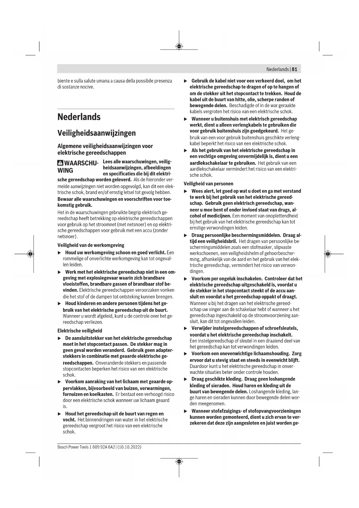 125 6 10 X-LOCK >0 11.500 80 Rotazione della testa ingranaggi (vedere fig.E) u Prima di qualunque intervento sull’elettroutensile estrarre la spina di rete dalla presa. La testa ingranaggi è ruotabile a scatti di 90°. In questo mo- do è possibile portare l’interruttore di avvio/arresto in una posizione più comoda in funzione della situazione di lavoro, ades. per i mancini. Bosch Power Tools 1 609 92A 6A2 | (10.10.2022)78 | Italiano Svitare completamente le 4 viti(➊). Ruotare con cautela la testa ingranaggi nella nuova posizione(➋), senza estrarla dalla carcassa. Serrare di nuovo saldamente le 4 viti(➌). Smontare il filtro per polvere (vedere figg.F eG ) Sfilare il filtro per polvere(5) sul lato inferiore dell’elettrou- tensile nella direzione della freccia. Non afferrare il filtro per polvere(5) da un lato e sfilarlo. Aspirazione polvere/aspirazione trucioli Polveri e materiali come vernici contenenti piombo, alcuni ti- pi di legname, minerali e metalli possono essere dannosi per la salute. Il contatto oppure l’inalazione delle polveri possono causare reazioni allergiche e/o malattie delle vie respiratorie dell’operatore oppure delle persone che si trovano nelle vici- nanze. Determinate polveri come polvere da legname di faggio o di quercia sono considerate cancerogene, in modo particolare insieme ad additivi per il trattamento del legname (cromato, protezione per legno). Materiale contenente amianto deve essere lavorato esclusivamente da personale specializzato. – Utilizzare possibilmente un’aspirazione polvere adatta per il materiale. – Provvedere ad una buona aerazione del posto di lavoro. – Si consiglia di portare una mascherina protettiva con clas- se di filtraggio P2. Osservare le norme in vigore nel vostro Paese per i materiali da lavorare. u Evitare accumuli di polvere nella postazione di lavoro. Le polveri si possono incendiare facilmente. Uso u Non sollecitare l’elettroutensile al punto tale da com- portarne l’arresto. u Prima di qualunque intervento sull’elettroutensile estrarre la spina di rete dalla presa. u Prestare attenzione, qualora si realizzino intagli in pa- reti portanti: vedere il paragrafo «Avvertenze riguar- do alla statica». u Serrare il pezzo in lavorazione, qualora il suo peso non consenta di posizionarlo in sicurezza. u Dopo un’elevata sollecitazione, lasciar funzionare a vuoto l’elettroutensile ancora per alcuni minuti, in mo- do da lasciarne raffreddare l’accessorio. u Non utilizzare l’elettroutensile con un supporto per la troncatura. u Non afferrare i dischi di levigatura e di taglio con le mani prima che si siano raffreddati. Durante il lavoro, i dischi raggiungono temperature molto elevate. Indicazioni operative Levigatura a sgrossare u Per i lavori di sgrossatura con abrasivi legati, utilizza- re sempre la cuffia di protezione per la levigatura (11). u Mai utilizzare mole abrasive da taglio diritto per lavori di sgrossatura. u Per i lavori di sgrossatura la cuffia di protezione per il taglio (13) o la cuffia di protezione per la levigatura (11) con copertura per il taglio montata (15) potrebbe urtare il pezzo in lavorazione e provocare la perdita del controllo. Per la sgrossatura, i migliori risultati si otterranno con un an- golo d’incidenza fra 30° e 40°. Muovere alternativamente l’elettroutensile, esercitando una moderata pressione. In questo modo il pezzo in lavorazione non si surriscalderà, non scolorirà e non verrà rigato. u In caso di impiego di mole legate, ammesse sia per il ta- glio che per la levigatura, occorre utilizzare la cuffia di protezione per il taglio (13) o la cuffia di protezione per la levigatura (11) con copertura per il taglio montata (15). Levigatura di superfici con disco lamellare u Durante la levigatura con il disco lamellare, utilizzare sempre l’apposita cuffia di protezione (11). Il disco lamellare (accessorio) consente di lavorare anche su- perfici e profili di forma bombata. I dischi lamellari hanno una durata nettamente superiore, una minore rumorosità e temperature di levigatura inferiori rispetto alle convenzionali mole abrasive. Levigatura di superfici con platorello u Per operazioni con il platorello in gomma (20), monta- re sempre la protezione per le mani (19). La levigatura con platorello può essere effettuata senza cuf- fia di protezione. La sequenza di montaggio è riportata alla pagina con rappre- sentazione grafica. Spazzola a tazza/spazzola a disco/spazzola conica u Durante la spazzolatura con spazzole a disco, utilizza- re sempre l’apposita cuffia di protezione per la leviga- tura (11). La spazzolatura con spazzole a tazza/spaz- zole coniche può essere effettuata senza cuffia di pro- tezione. u Per operazioni con la spazzola a tazza o la spazzola co- nica montare sempre la protezione per le mani (19). u I fili delle spazzole a disco possono rimanere intrappo- lati nella cuffia di protezione e rompersi, qualora le di- mensioni massime ammesse delle spazzole a disco vengano superate. La sequenza di montaggio è riportata alla pagina con rappre- sentazione grafica. Taglio del metallo u Durante il taglio del metallo con mole da taglio legate o mole da taglio diamantate, utilizzare sempre la cuf- fia di protezione per il taglio (13) o la cuffia di prote- 1 609 92A 6A2 | (10.10.2022) Bosch Power ToolsItaliano | 79 zione per la levigatura (11) con copertura per il taglio montata (15). u In caso di impiego della cuffia di protezione per la levi- gatura (11) per operazioni di taglio con mole da taglio legate, sussiste un maggior rischio di esposizione a scintille e particelle nonché a frammenti di mole in ca- so di rottura della mola. Per la troncatura, operare con un avanzamento moderato e idoneo al materiale da lavorare. Non esercitare pressione sulla mola da taglio ed evitare di angolarla e di farla oscillare. Non frenare le mole da taglio in rallentamento esercitando una contropressione laterale. L’elettroutensile andrà sem- pre condotto in controro
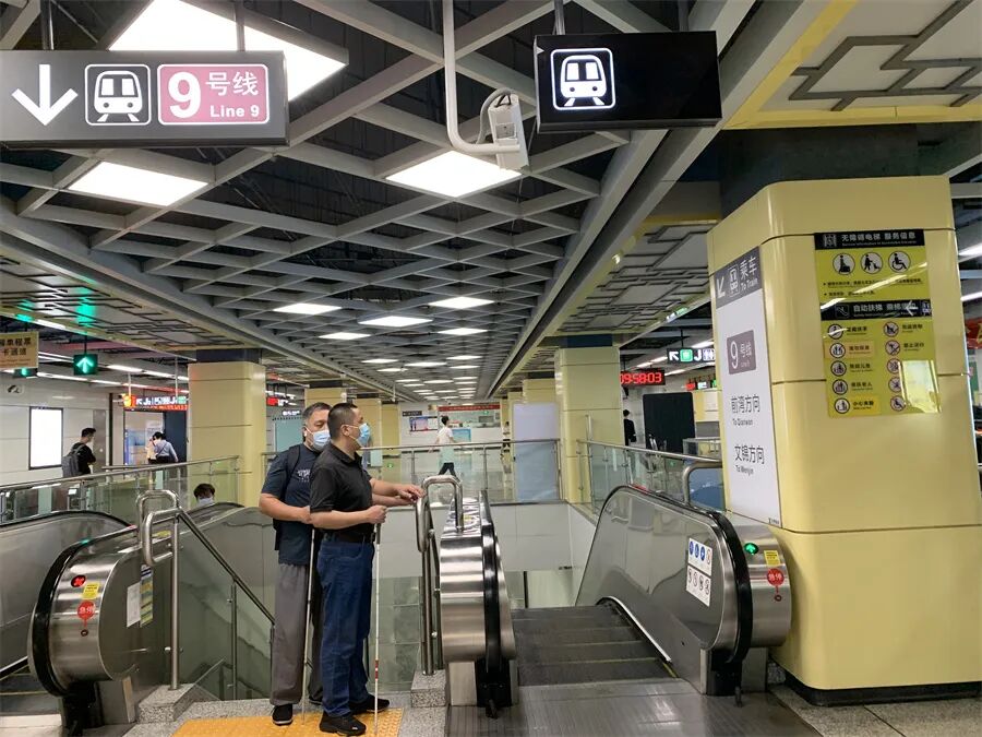 地铁已经成为视障人士出行的首选,市盲协本次重点对地铁站内无障碍出行引导系统进行了考察,模拟了完整的出行过程。在地铁9号线上梅林站,从出入口开始,到地铁站厅、乘车站台以及换乘通道,所有沿盲道行进的不锈钢扶手上,都设置了盲文标识。督导小组在仔细地摸读了每个盲文标识后,发现该站的盲文标识设计非常贴合视障人士的需求,例如在站厅到站台的楼梯扶手处,两侧的盲文标注都有所区别,很贴心地指示了两侧下行到达站台的列车行驶方向,在全国其他地方的盲文标识,他们还未遇到过这种办法。类似的提示设计在该站处处都是,真正实现了视障人士出行的“畅达易行”。
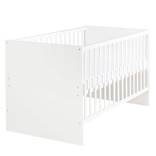 Das roba Kombi-Kinderbett Anton ist in schlichtem Weiß gehalten. Durch das 3-fach höhenverstellbare Lattenrost kann es jederzeit in eine rückenschonende Position verstellt werden. Die Liegefläche beträgt 70 x 140 cm. Für ein leichtes Aus- und Einsteigen können 3 Schlupfsprossen entfernt werden. Zu gegebener Zeit kann das Kinderbett einfach mit den mitgelieferten Umbauseiten in ein Juniorbett verwandeln werden.

• **PROBLEM DETAILS**
Leaving aside every picture, transcribe exactly the lines that run from the one with "地铁已经成为视障人士出行的首" to the close of the listing above.

• **SOLUTION TO THIS TASK**
 地铁已经成为视障人士出行的首选,市盲协本次重点对地铁站内无障碍出行引导系统进行了考察,模拟了完整的出行过程。在地铁9号线上梅林站,从出入口开始,到地铁站厅、乘车站台以及换乘通道,所有沿盲道行进的不锈钢扶手上,都设置了盲文标识。督导小组在仔细地摸读了每个盲文标识后,发现该站的盲文标识设计非常贴合视障人士的需求,例如在站厅到站台的楼梯扶手处,两侧的盲文标注都有所区别,很贴心地指示了两侧下行到达站台的列车行驶方向,在全国其他地方的盲文标识,他们还未遇到过这种办法。类似的提示设计在该站处处都是,真正实现了视障人士出行的“畅达易行”。
 Das roba Kombi-Kinderbett Anton ist in schlichtem Weiß gehalten. Durch das 3-fach höhenverstellbare Lattenrost kann es jederzeit in eine rückenschonende Position verstellt werden. Die Liegefläche beträgt 70 x 140 cm. Für ein leichtes Aus- und Einsteigen können 3 Schlupfsprossen entfernt werden. Zu gegebener Zeit kann das Kinderbett einfach mit den mitgelieferten Umbauseiten in ein Juniorbett verwandeln werden.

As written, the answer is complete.